Daniel Kokotajlo is an artificial intelligence (AI) researcher. He was a researcher in the governance division of OpenAI from 2022 to 2024, [1] and currently leads the AI Futures Project. [2]
Kokotajlo is a former philosophy PhD candidate at the University of North Carolina at Chapel Hill where he was a recipient of the 2018–2019 Maynard Adams Fellowship for the Public Humanities. [3] In 2022, he became a researcher in the governance division of OpenAI. [1]
Kokotajlo is one of the organizers of a group of OpenAI employees that claimed the company has a secretive and reckless culture that is taking grave risks in the rush to achieve artificial general intelligence (AGI). [4] [5] When he resigned in 2024, he refused to sign OpenAI's non-disparagement clause, which could have cost him approximately $2 million in equity. [6] As of May 2024, Kokotajlo confirmed he retained the vested equity. [7] [8] In June 2024, he, with other former OpenAI employees, signed a letter arguing that top frontier AI companies have strong financial incentives to avoid oversight, and calling for a "right to warn" about AI risks without fear of reprisal and while protecting anonymity. [9]
In 2021, Kokotajlo wrote a blog post named "What 2026 Looks Like". In 2025, Kevin Roose commented that "A number of his predictions proved prescient." [2]
He cofounded and leads the AI Futures Project, a nonprofit based in Berkeley, California which researches the future impact of artificial intelligence.

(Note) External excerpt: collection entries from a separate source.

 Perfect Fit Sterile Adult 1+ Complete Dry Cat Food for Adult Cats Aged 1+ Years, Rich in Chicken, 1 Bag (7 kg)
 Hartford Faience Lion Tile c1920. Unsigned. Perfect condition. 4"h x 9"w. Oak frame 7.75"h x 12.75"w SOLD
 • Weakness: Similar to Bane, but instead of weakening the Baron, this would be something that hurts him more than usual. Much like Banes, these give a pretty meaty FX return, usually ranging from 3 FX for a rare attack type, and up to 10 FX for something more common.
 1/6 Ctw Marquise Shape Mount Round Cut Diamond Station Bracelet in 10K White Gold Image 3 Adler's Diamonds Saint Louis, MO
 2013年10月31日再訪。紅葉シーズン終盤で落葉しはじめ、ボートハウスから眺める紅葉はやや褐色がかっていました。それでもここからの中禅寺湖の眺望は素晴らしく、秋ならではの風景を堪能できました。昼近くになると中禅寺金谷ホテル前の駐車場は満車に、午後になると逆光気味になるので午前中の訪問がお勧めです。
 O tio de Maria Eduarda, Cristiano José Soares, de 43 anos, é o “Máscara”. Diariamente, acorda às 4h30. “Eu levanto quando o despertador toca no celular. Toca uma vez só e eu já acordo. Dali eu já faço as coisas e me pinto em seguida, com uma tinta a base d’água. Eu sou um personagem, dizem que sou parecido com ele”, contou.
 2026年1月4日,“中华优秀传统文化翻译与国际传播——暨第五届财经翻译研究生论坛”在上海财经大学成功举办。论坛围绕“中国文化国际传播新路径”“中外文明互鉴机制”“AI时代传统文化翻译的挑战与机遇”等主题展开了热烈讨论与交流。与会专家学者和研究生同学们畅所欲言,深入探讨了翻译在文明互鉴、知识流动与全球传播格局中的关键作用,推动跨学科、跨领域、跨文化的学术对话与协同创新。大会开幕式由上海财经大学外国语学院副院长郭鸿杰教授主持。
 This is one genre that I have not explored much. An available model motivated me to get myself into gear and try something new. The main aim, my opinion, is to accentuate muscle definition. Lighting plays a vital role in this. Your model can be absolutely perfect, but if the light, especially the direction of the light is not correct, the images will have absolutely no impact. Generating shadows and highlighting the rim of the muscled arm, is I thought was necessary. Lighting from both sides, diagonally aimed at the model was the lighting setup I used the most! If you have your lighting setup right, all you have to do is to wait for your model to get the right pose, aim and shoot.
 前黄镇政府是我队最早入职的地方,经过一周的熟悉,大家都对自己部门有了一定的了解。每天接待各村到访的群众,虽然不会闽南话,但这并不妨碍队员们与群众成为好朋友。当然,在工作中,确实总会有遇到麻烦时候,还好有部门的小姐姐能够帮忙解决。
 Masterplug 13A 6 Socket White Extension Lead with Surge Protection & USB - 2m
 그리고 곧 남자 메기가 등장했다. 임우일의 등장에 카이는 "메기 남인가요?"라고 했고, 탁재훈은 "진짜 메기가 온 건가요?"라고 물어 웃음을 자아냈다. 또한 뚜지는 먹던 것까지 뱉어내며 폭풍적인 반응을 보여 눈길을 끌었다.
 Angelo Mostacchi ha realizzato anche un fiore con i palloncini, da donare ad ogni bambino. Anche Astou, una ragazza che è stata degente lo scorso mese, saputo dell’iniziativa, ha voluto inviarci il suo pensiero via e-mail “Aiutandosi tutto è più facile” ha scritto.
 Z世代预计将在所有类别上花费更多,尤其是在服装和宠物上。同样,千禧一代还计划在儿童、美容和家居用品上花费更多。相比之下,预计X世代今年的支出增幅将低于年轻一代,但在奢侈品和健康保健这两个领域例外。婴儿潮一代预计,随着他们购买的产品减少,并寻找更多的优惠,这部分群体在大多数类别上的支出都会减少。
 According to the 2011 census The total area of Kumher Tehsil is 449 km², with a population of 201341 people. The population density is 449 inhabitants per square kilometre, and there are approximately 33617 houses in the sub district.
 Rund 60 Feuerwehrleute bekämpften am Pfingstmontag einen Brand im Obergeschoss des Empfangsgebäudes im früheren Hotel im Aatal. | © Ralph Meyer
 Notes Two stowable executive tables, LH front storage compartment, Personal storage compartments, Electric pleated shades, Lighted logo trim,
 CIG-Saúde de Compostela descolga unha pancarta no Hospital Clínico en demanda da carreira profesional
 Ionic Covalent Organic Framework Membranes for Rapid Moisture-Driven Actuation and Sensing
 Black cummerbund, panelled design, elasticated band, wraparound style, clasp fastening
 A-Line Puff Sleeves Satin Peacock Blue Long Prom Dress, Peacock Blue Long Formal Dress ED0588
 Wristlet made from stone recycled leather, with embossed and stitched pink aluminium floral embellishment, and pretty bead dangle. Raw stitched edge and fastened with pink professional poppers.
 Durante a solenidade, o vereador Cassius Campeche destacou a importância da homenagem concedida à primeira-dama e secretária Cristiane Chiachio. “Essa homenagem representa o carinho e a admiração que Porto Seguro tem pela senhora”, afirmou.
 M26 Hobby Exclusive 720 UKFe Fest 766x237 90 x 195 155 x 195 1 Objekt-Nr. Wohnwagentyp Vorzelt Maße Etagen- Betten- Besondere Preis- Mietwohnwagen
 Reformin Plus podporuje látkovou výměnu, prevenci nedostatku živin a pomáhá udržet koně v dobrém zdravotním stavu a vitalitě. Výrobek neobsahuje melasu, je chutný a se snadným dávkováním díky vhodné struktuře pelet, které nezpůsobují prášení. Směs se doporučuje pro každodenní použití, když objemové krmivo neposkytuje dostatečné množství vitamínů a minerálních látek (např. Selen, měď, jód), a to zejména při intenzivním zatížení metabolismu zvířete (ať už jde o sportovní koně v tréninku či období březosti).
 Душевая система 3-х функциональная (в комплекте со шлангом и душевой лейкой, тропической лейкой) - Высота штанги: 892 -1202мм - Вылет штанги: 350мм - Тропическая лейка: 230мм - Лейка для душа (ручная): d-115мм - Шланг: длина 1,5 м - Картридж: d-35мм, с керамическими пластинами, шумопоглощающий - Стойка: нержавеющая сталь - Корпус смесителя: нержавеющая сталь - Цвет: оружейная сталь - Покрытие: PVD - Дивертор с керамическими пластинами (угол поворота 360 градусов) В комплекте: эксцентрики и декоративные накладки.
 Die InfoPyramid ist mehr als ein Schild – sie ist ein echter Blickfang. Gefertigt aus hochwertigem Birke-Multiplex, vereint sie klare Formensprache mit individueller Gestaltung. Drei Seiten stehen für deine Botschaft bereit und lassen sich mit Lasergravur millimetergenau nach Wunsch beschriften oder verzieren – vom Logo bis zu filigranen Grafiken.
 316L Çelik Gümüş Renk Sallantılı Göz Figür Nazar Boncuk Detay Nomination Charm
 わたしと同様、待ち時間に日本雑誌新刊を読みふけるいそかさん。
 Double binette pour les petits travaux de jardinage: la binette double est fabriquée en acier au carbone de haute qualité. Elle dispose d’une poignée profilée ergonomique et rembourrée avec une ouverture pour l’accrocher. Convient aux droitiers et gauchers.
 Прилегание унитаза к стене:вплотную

In April 2025, it released "AI 2027", a detailed forecast scenario predicting rapid progress in the automation of coding and AI research, followed by AGI. It laid out a scenario in which fully autonomous AI agents will be better than humans at "everything" around the end of 2027, imagining its impacts on the economy, domestic politics and international relations. [2] At the point of publication Kokotajlo's median forecast for the arrival of such fully autonomous AI agents was actually the middle of 2028 [10] and by August 2025 this had slipped out to the end of 2029. [11]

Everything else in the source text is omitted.